I bounced it over to my Gmail account (it went into the spam folder, shockingly), which revealed an Unsubscribe link that didn't show up in PINE (yes, I still use PINE, which is still not ELM). I clicked the link, and all was revealed:
Note the page title in the browser: "Optout."
Optout. Now, I don't care if it was a mistake, a one-time thing, or a rogue marketer -- there's nothing that will set bloggers to wiggling their tiny, Cheeto-stained typing fingers in impotent blogging rage than an e-mail marketing opt-out.
It could be an urgent evacuation notice giving the best route to high ground to avoid the oncoming asteroid-induced tidal wave -- if I didn't subscribe to it, I don't want to see it.

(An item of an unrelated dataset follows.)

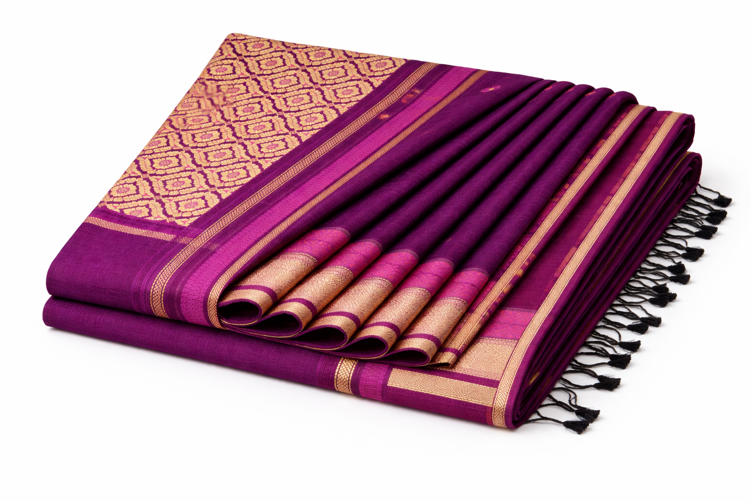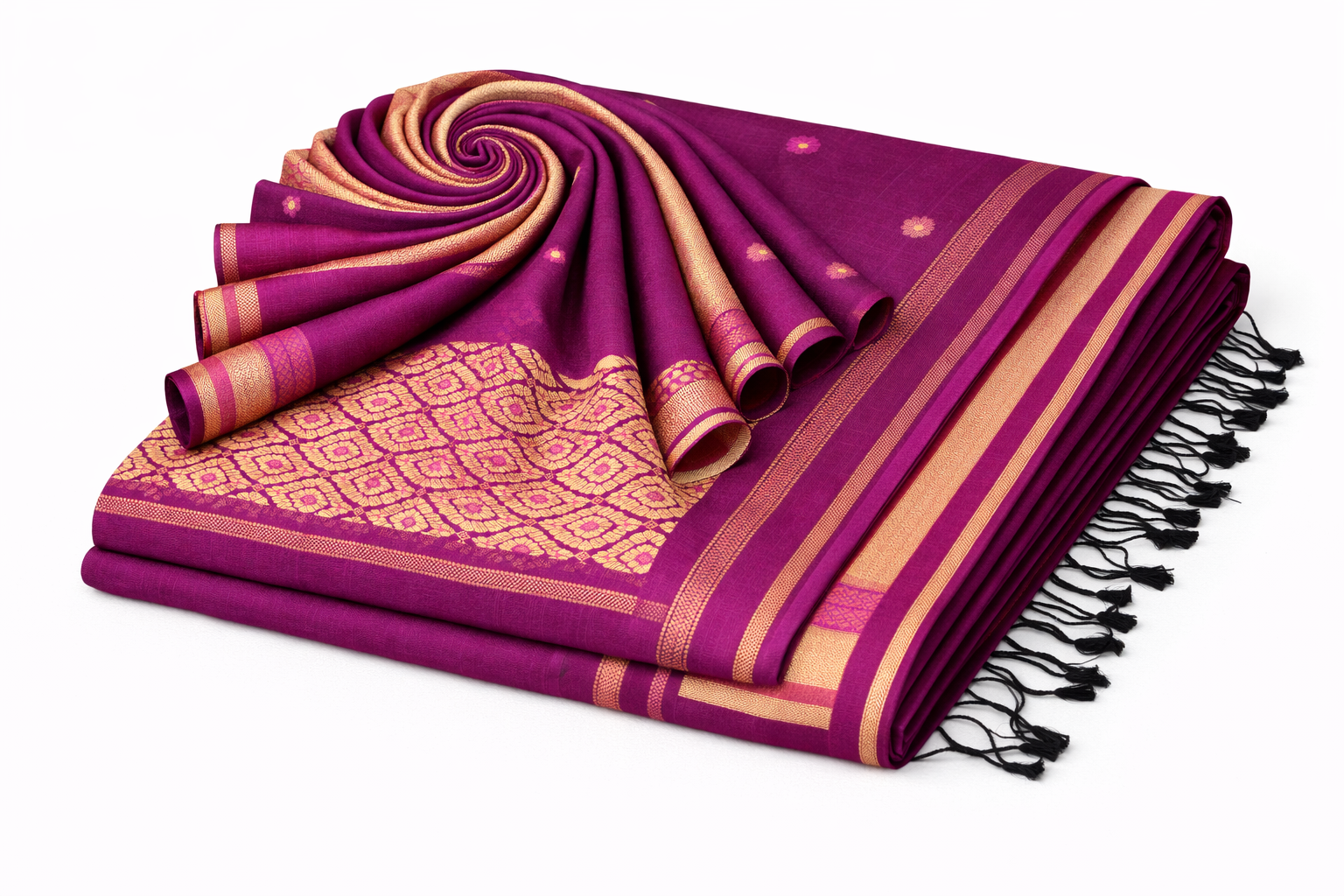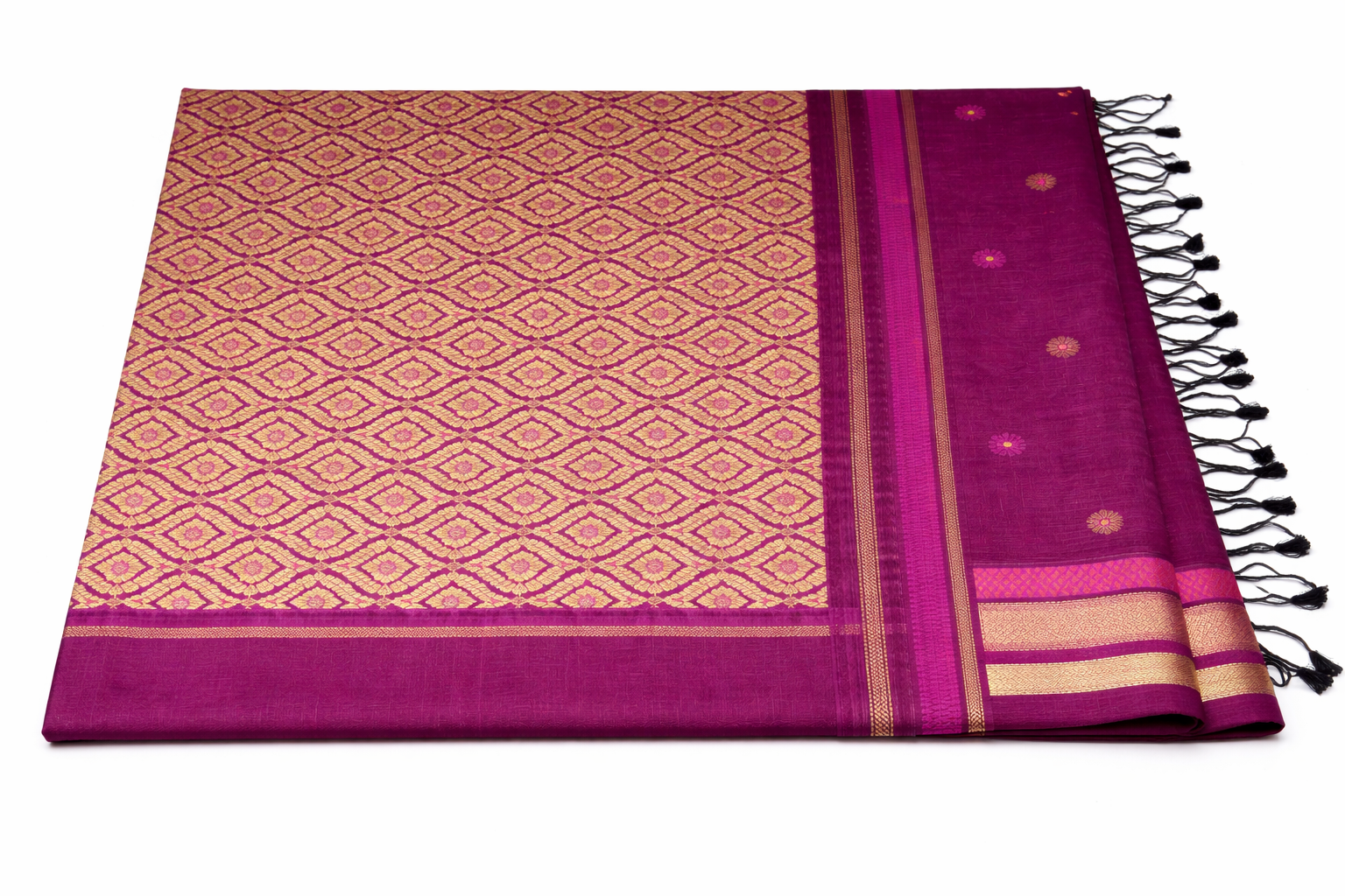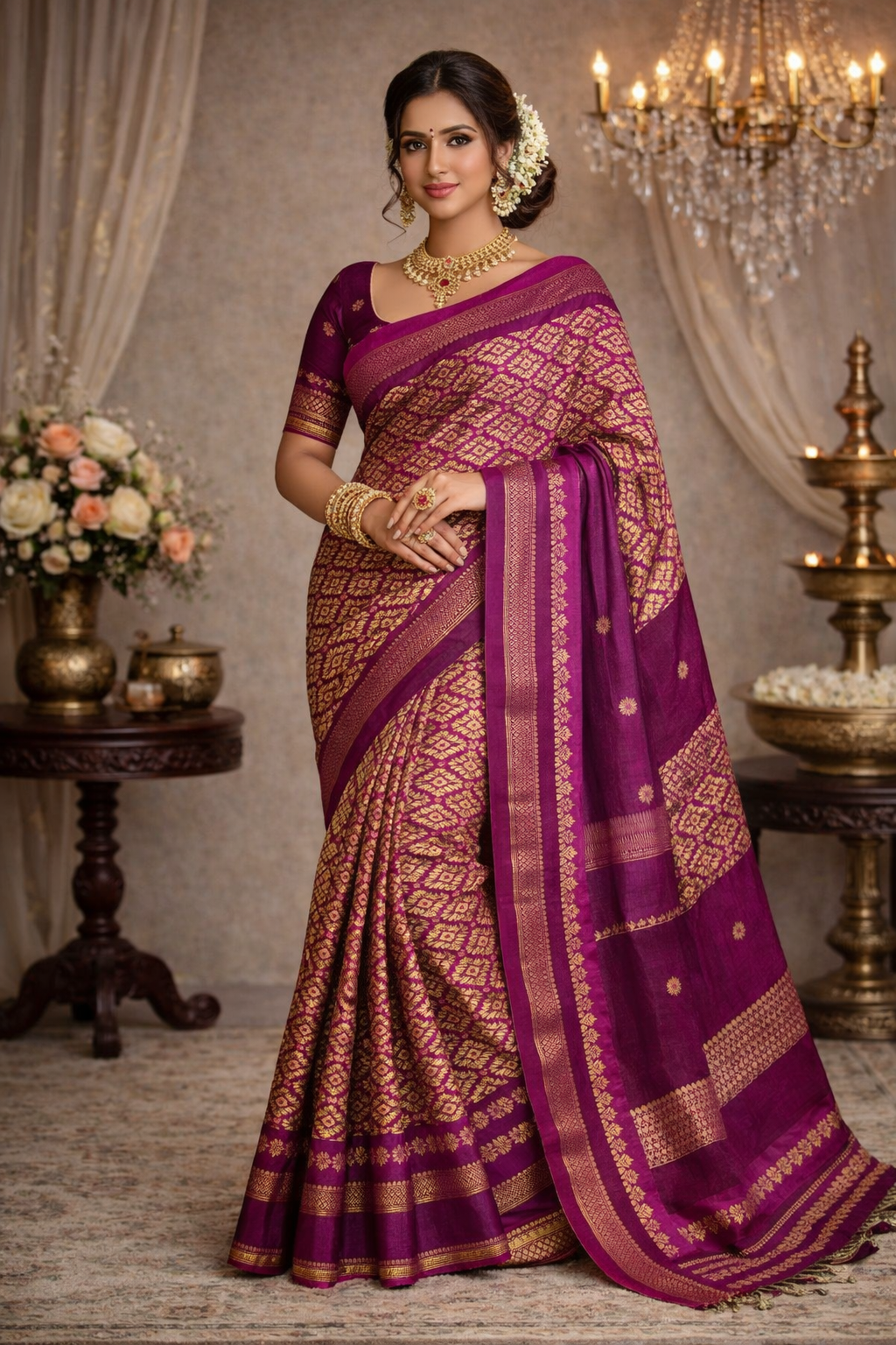 • Design: Traditional woven motifs with elegant border and pallu

I find it somewhat ironic that this would happen on the very same day that the Post featured a story about companies using blogs and other social media to reach out to customers ("Marketing Moves to the Blogosphere" -- it got more than a little blog traction here because it name-checked some of the usual area and marketing bloggers.)

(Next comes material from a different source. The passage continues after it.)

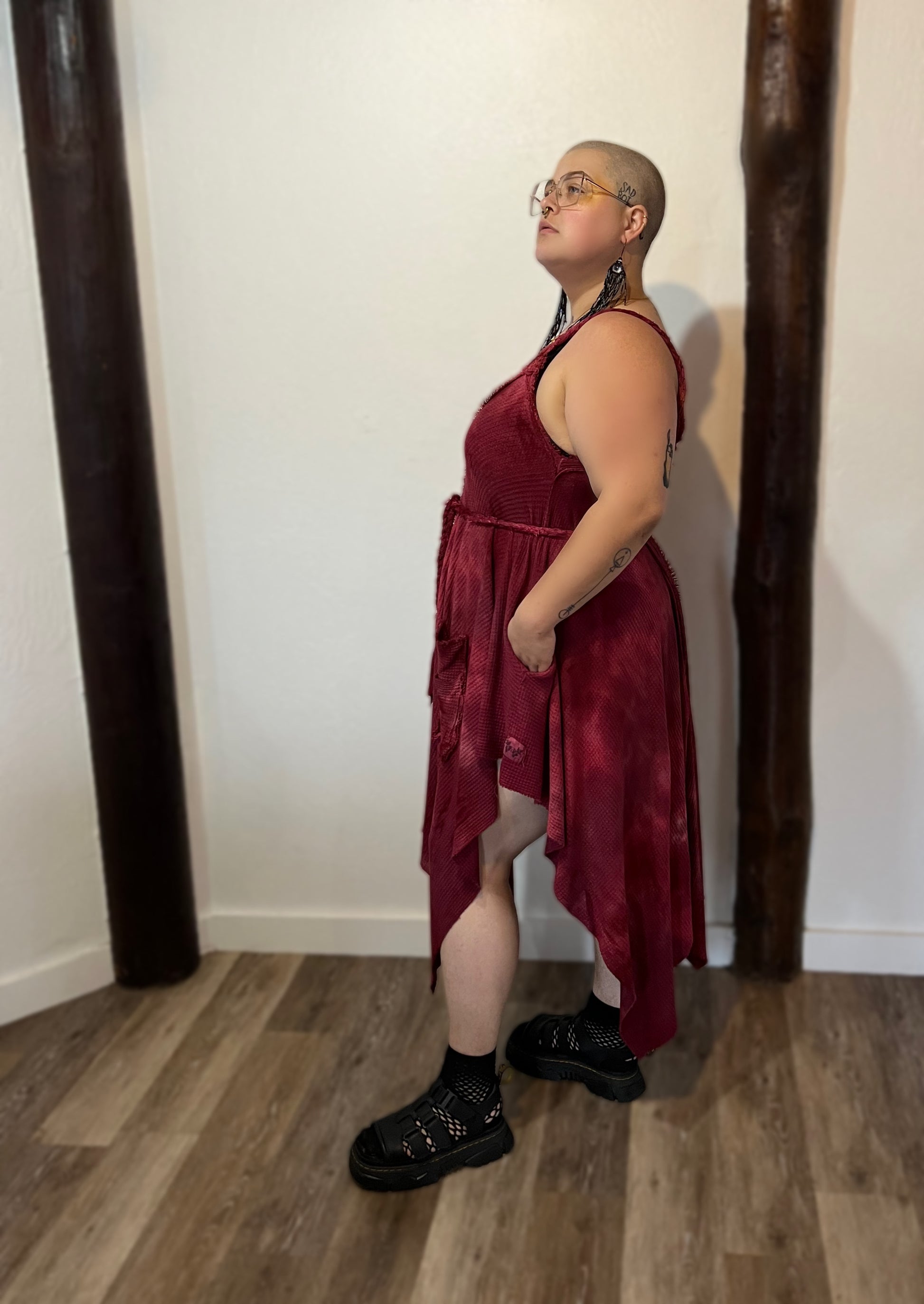 Adventuring dresses are sized by length in front and at the sides. Model shown is 5’6” for reference. Adventuring Dresses are designed to fit free size, taller or larger folks will want to choose a longer length for best fit. Have questions regarding sizing? Check out the size guide in my shop or head over to IG and check out the fit guide there! You are also welcome to reach out on any of the socials, I am always happy to help!

Especially since bloggers and blog readers -- the very users who companies try to engage using social media -- are the most enraged by things like opt-out marketing e-mails.
Anyway, as I'm in this annoyingly-vocal, self-important and overinflated minority, as I finish this little impotent screed, I can only take solace in imagining that, thanks to the voodoo that is SEO, this entry will show up somewhere in the future on the first page of results for "Washington Post LiveWire."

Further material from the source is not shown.